Como o antifascismo chegou às polícias do Paraná

Movimento surgiu há três anos e ganhou corpo após a eleição de Bolsonaro

O delegado carioca Orlando Zaccone pediu um capuccino, para fazer frente ao frio de 9ºC que se abatia sobre Curitiba, naquele início de noite de 5 de junho. Em um café insuspeito no Centro da capital paranaense, aquele era o primeiro encontro dele com os outros três homens sentados à mesa, com quem vinha trocando mensagens nas semanas anteriores. Eram eles: um delegado da Polícia Civil, um aspirante a oficial da Polícia Militar e um ex-bombeiro, todos do Paraná. Mesmo antes de a prosa engrenar, Zaccone levantou um brinde. Nos dias que se seguiram, aquele pequeno grupo estabeleceria as bases para a chegada em terras paranaenses do “Policiais Antifascismo” – movimento surgido há três anos em outros estados e que começou a ganhar corpo após a eleição de Jair Bolsonaro (PSL).

“Nós estamos botando o dedo na ferida”, disse Zaccone aos novos colegas, resumindo os propósitos do movimento. Não é para a menos. O “Policiais Antifascismo” tem em seu cerne a articulação para que o policial passe a ser reconhecido como trabalhador, não como um soldado. Parece simples, mas esse é o ponto de partida para que a discussão tome uma dimensão cidadã. A reboque, essa perspectiva traz outras questões que mexem nas estruturas das forças de segurança de todo o país, como a desmilitarização, o questionamento ao uso da força por parte do Estado e o direto a manifestações, além de um cardápio de pautas progressistas, como o antiproibicionismo das drogas, inclusão da mulher, a igualdade racial e respeito aos policiais LGBTI dentro das corporações.

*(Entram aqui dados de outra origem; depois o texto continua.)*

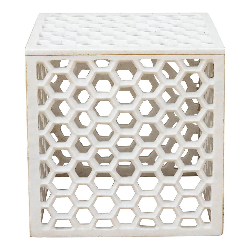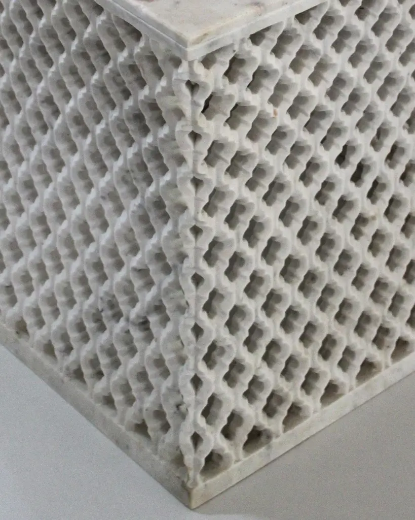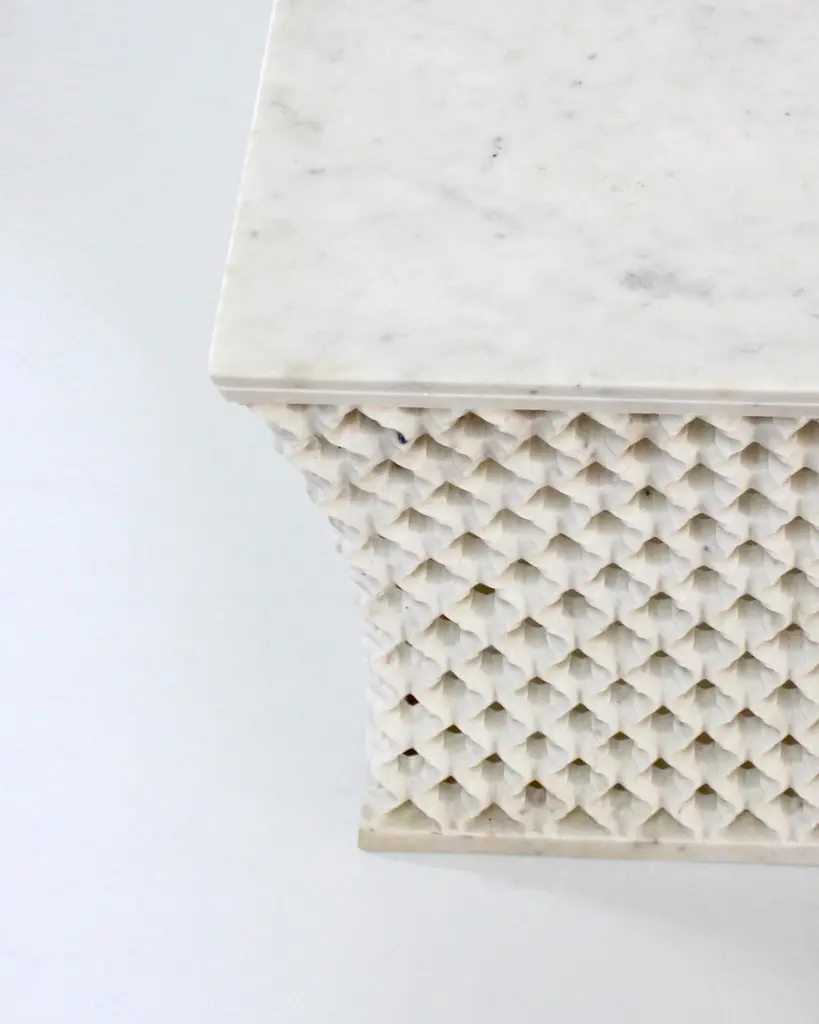 Inspired by the elegant pierced marble “jali” screens and windows he saw in the palaces of Mughal India, the renowned designer Paul Mathieu has created a unique collection of hand-carved side tables. Manufacture: Solid blocks of marble are hollowed out and hand-carved into low elegant tables through which light and air pass with ease. The intricate jali patterns are first traced onto the surface of the stone. Craftsmen then hand chisel and form hundreds of intricate, interlocking patterns in each piece before the tables are polished by hand.Jour Jali Square Table in White Marble Size- 24"x24"x24"H Materials - White Marble, Hand-Carved, Semi matt finishedBuyer Cancellation-The cancellation charge is 25% which increases to 50% if the production is started.Prices do not include shipping from India (for custom orders) or our MN warehouse (items from stock). That will be additional.

“Se o fascismo é operado dentro da polícia, não é por conta de os policiais serem fascistas, mas por conta de um sistema sustentado por uma política fascista. O policial não participa da formulação da política. Muito pelo contrário. Os policiais de base estão totalmente alijados da possibilidade de construir a política [de atuação das corporações]. Eles só reproduzem o comando”, aponta Zaccone. “Nós temos que nos voltar contra esse sistema, não contra a pessoa que o opera”, completou.

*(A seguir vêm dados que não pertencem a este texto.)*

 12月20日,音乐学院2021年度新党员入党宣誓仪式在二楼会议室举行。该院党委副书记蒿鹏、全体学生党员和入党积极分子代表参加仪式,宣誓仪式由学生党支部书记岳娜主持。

Extermínio e desmilitarização

O que o delegado diz tem base científica. Em seu doutorado em Ciência Política, por exemplo, Zaccone se debruçou sobre os autos de resistência – que é como são registradas as mortes provocadas por policiais sob alegação de que a vítima resistiu à abordagem. Ele viu que, na prática, a maioria esmagadora – quase a totalidade – desses casos são arquivados em razão do local em que ocorrem (na favela ou periferia) e pelo fato de o cidadão morto ter tido passagem pela polícia. Na conclusão de Zaccone, o Estado tem usado essas justificativas para esconder o que ele chama de “uma política de extermínio”, em corrente com todas as instituições judiciárias.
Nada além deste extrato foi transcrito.